*ACTIVITY*. Leave the pictures out. Transcribe exactly every line from the start of the records through the one containing "A pink background.".

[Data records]
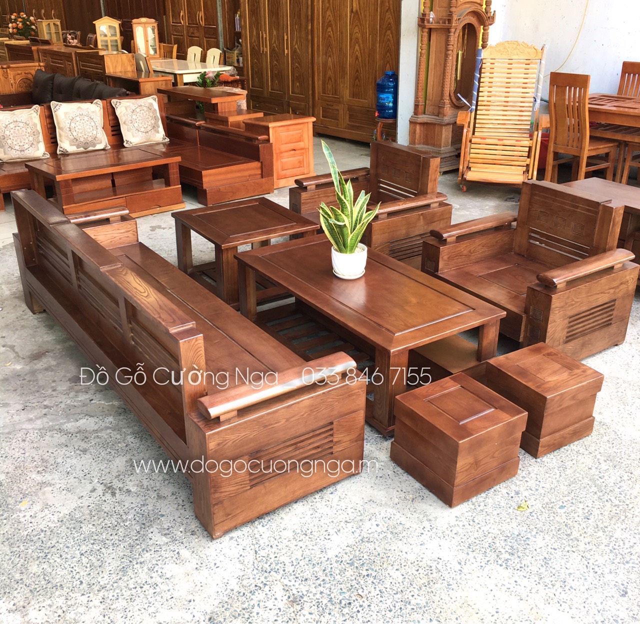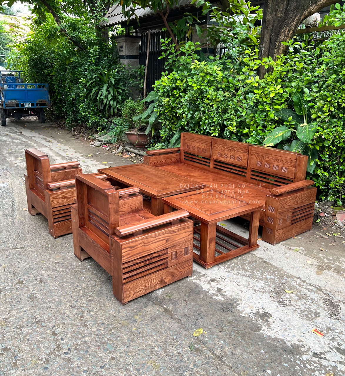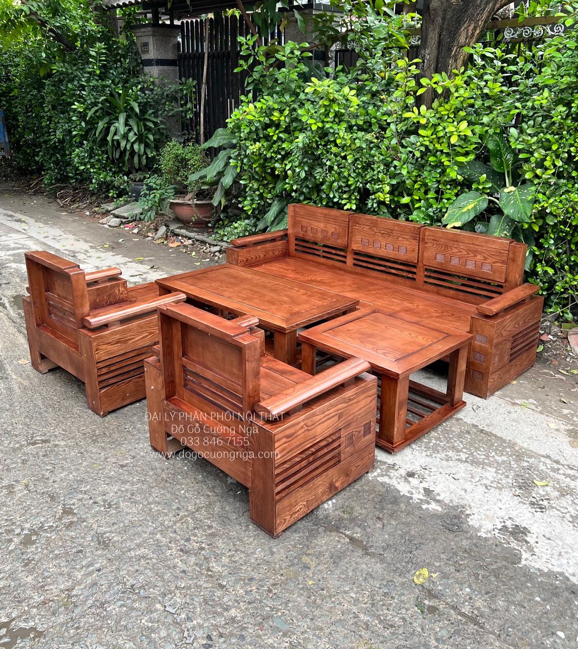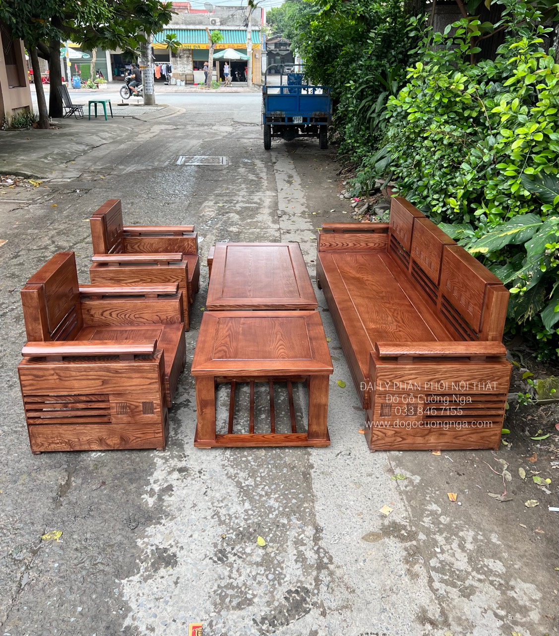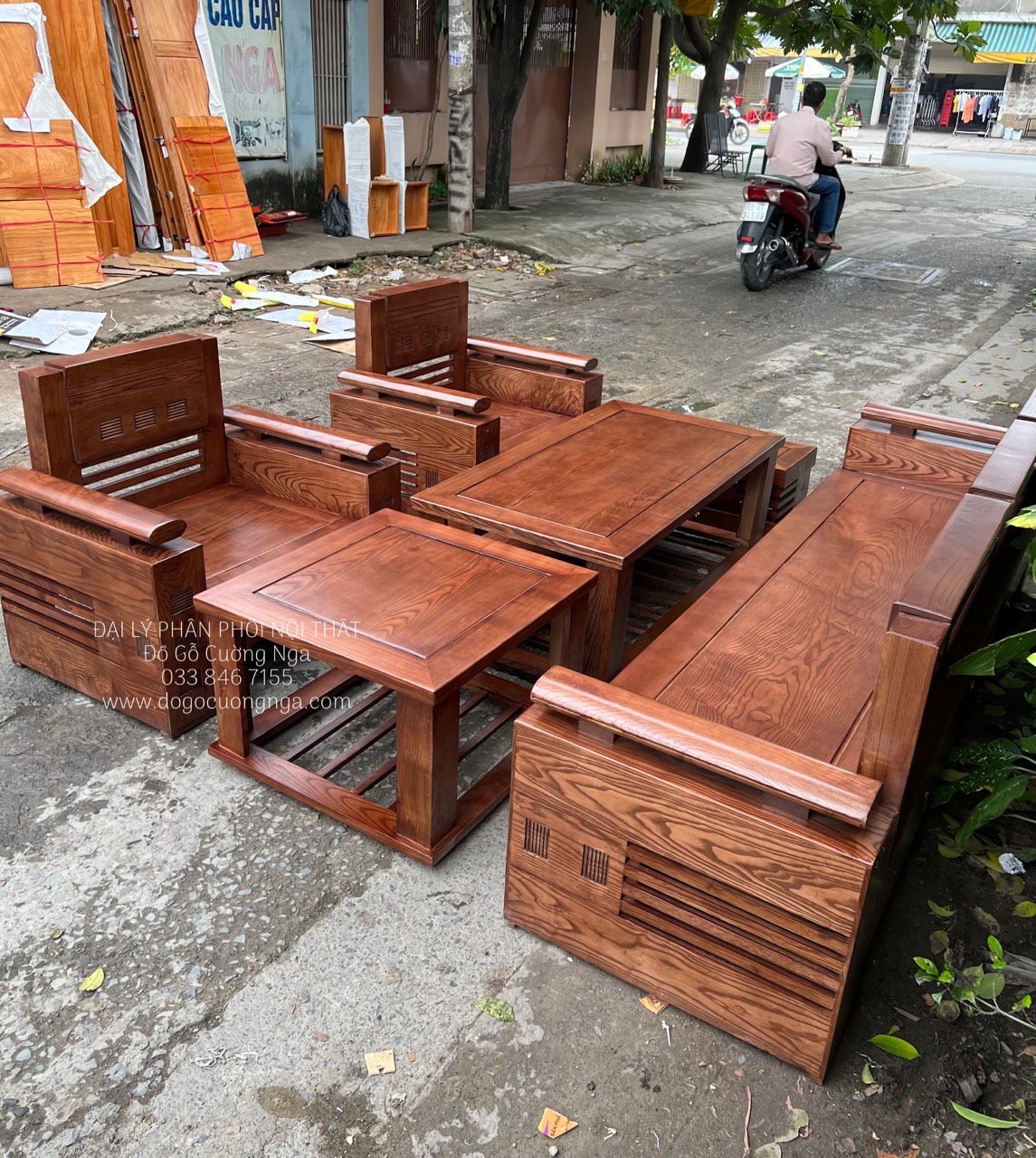 Bộ Bàn Ghế Sofa Gỗ Sồi Nga Đối Tay Trứng - Lau Màu Óc Chó
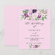 A pink background. Decorated with purple watercolored flowers and greenery. Personalise and add your names and party details.
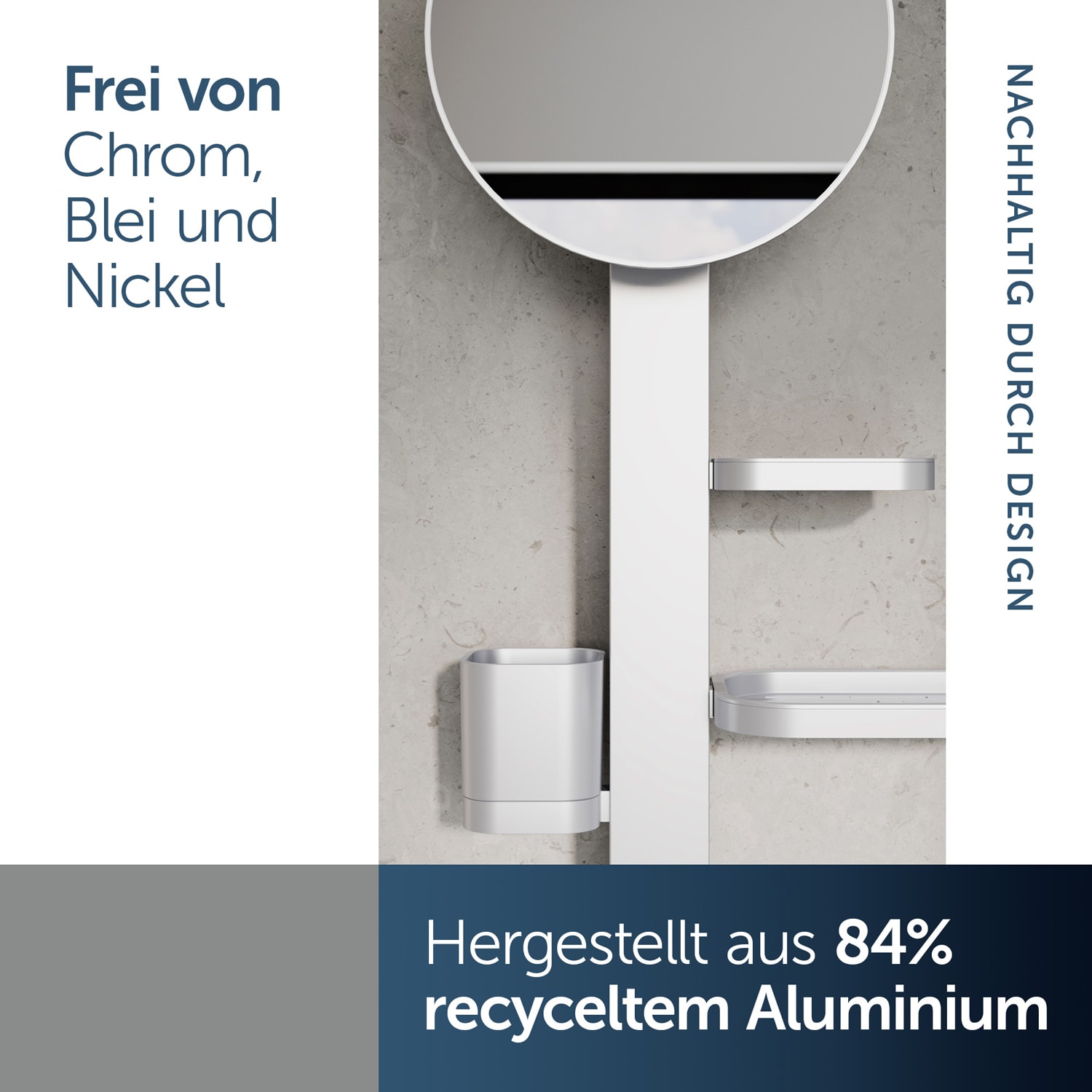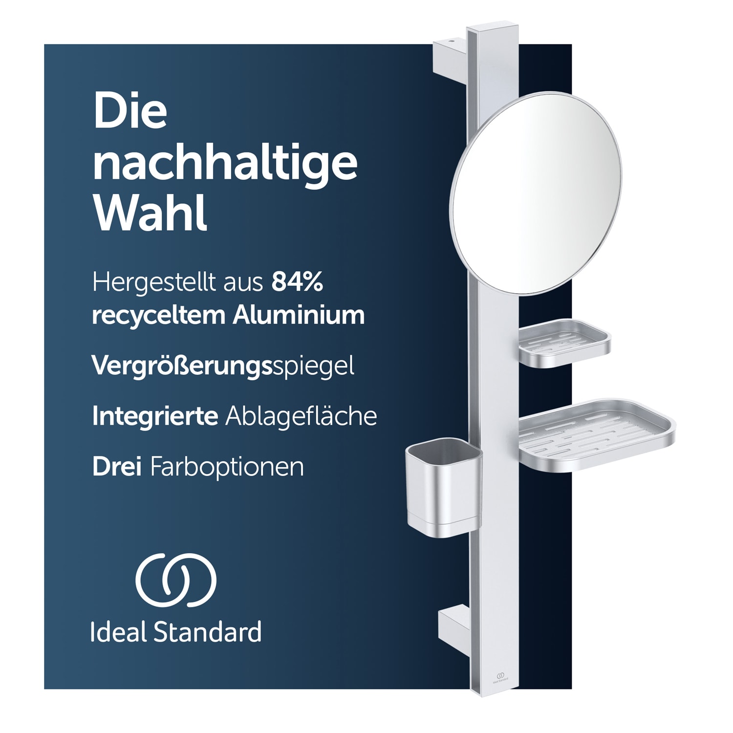 Die Alu+ Beauty Bar (Accessoires-Kombination S) von Ideal Standard ist nachhaltig, da es aus 84 % recyceltem Aluminium hergestellt wird und 100 % recycelbar ist. Die Verwendung von recyceltem Aluminium reduziert den Ressourcenverbrauch und minimiert Abfall. Sie ist frei von Chrom, Blei und Nickel. Die Alu+ Beauty Bar ist Teil eines nachhaltigen Ansatzes für die Badgestaltung, der die Umwelt schont.
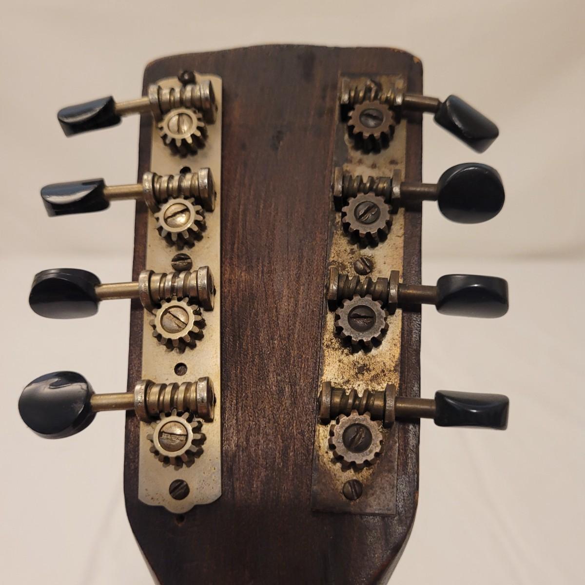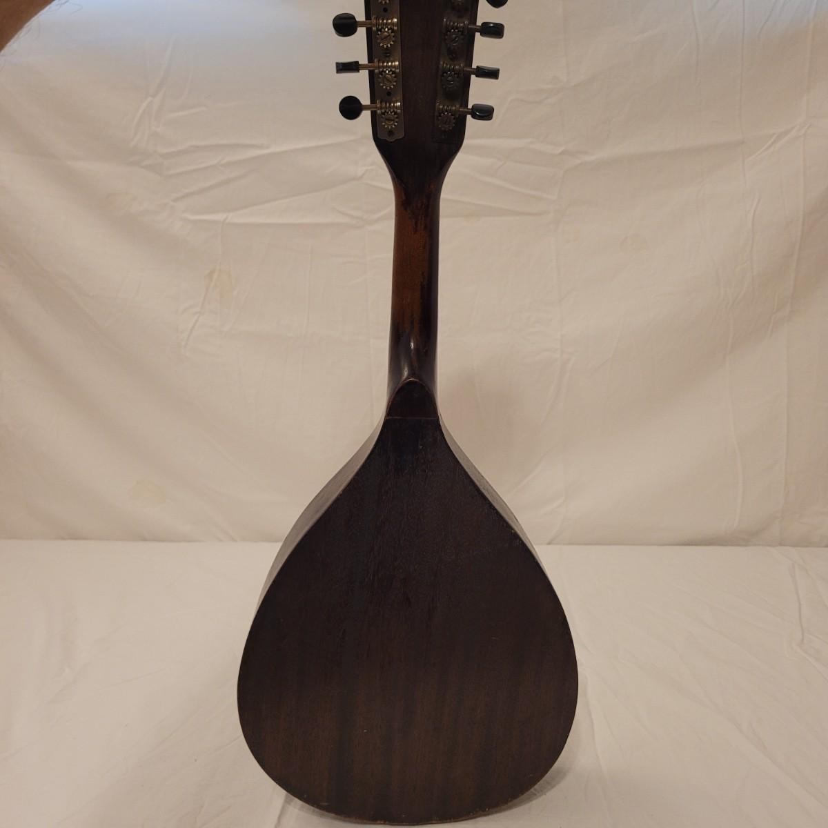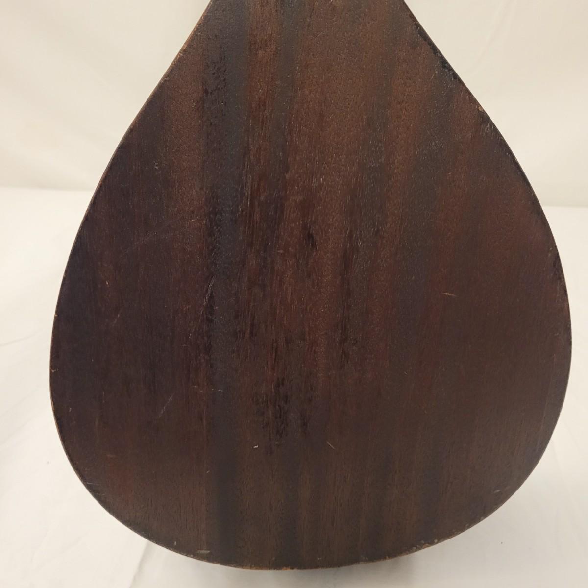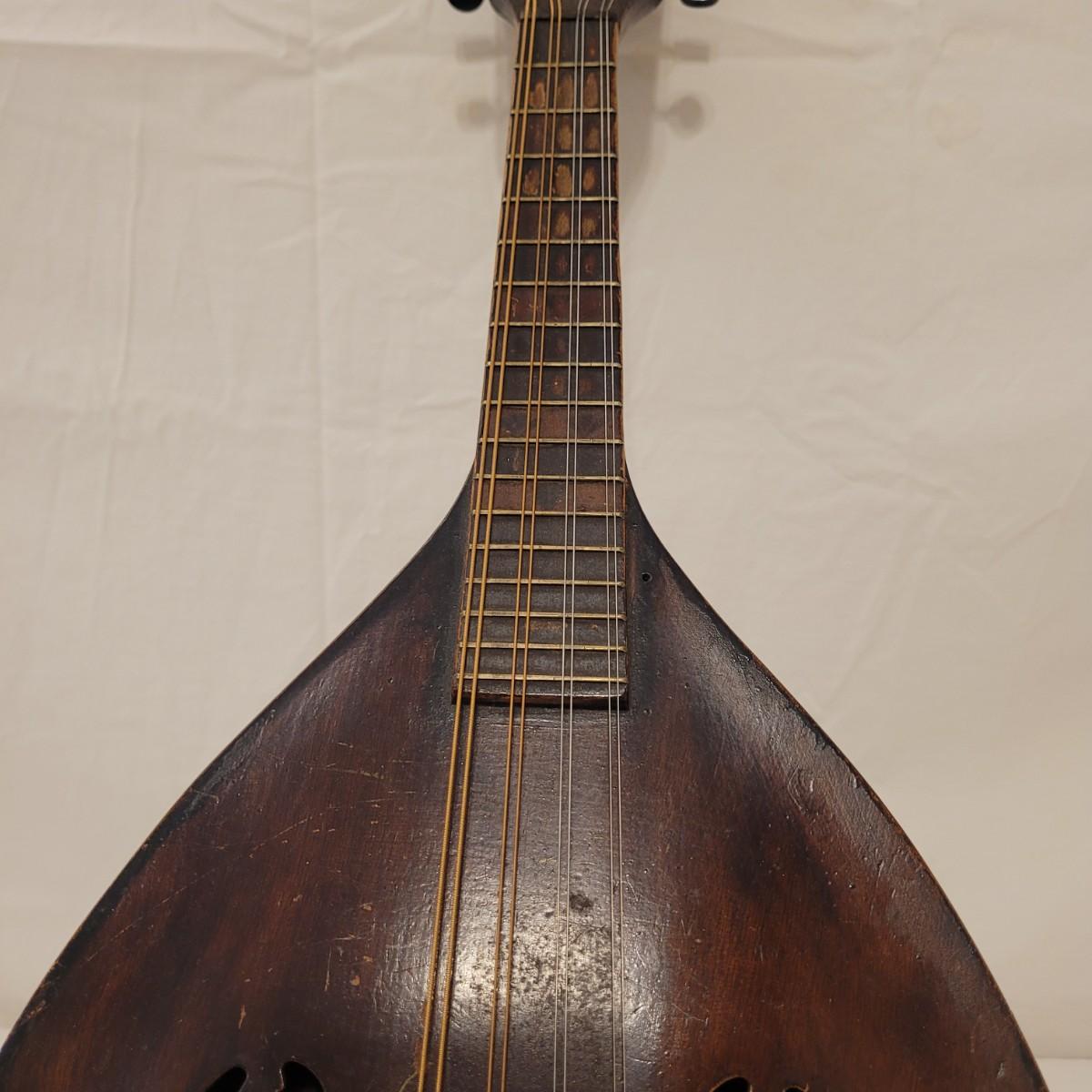This lot includes one wooden mandolin and one vintage self instruction book. The mandolin is made from wood and appears to be vintage. It is still strung and is ready to be tuned and played. There does not appear to be a makers mark or signature anywhere on the instrument. The book is titled "EZ Method for Mandolin" and features songs and instructions for learning to play the mandolin. The instrument measures 10" x 3" x 24"H.
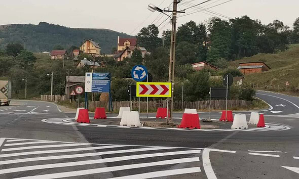 FOTO-VIDEO: Sensuri giratorii temporare, montate la ieșirile din Abrud spre Alba Iulia și Brad

*EXPECTED OUTPUT*.
 Bộ Bàn Ghế Sofa Gỗ Sồi Nga Đối Tay Trứng - Lau Màu Óc Chó
 A pink background. Decorated with purple watercolored flowers and greenery. Personalise and add your names and party details.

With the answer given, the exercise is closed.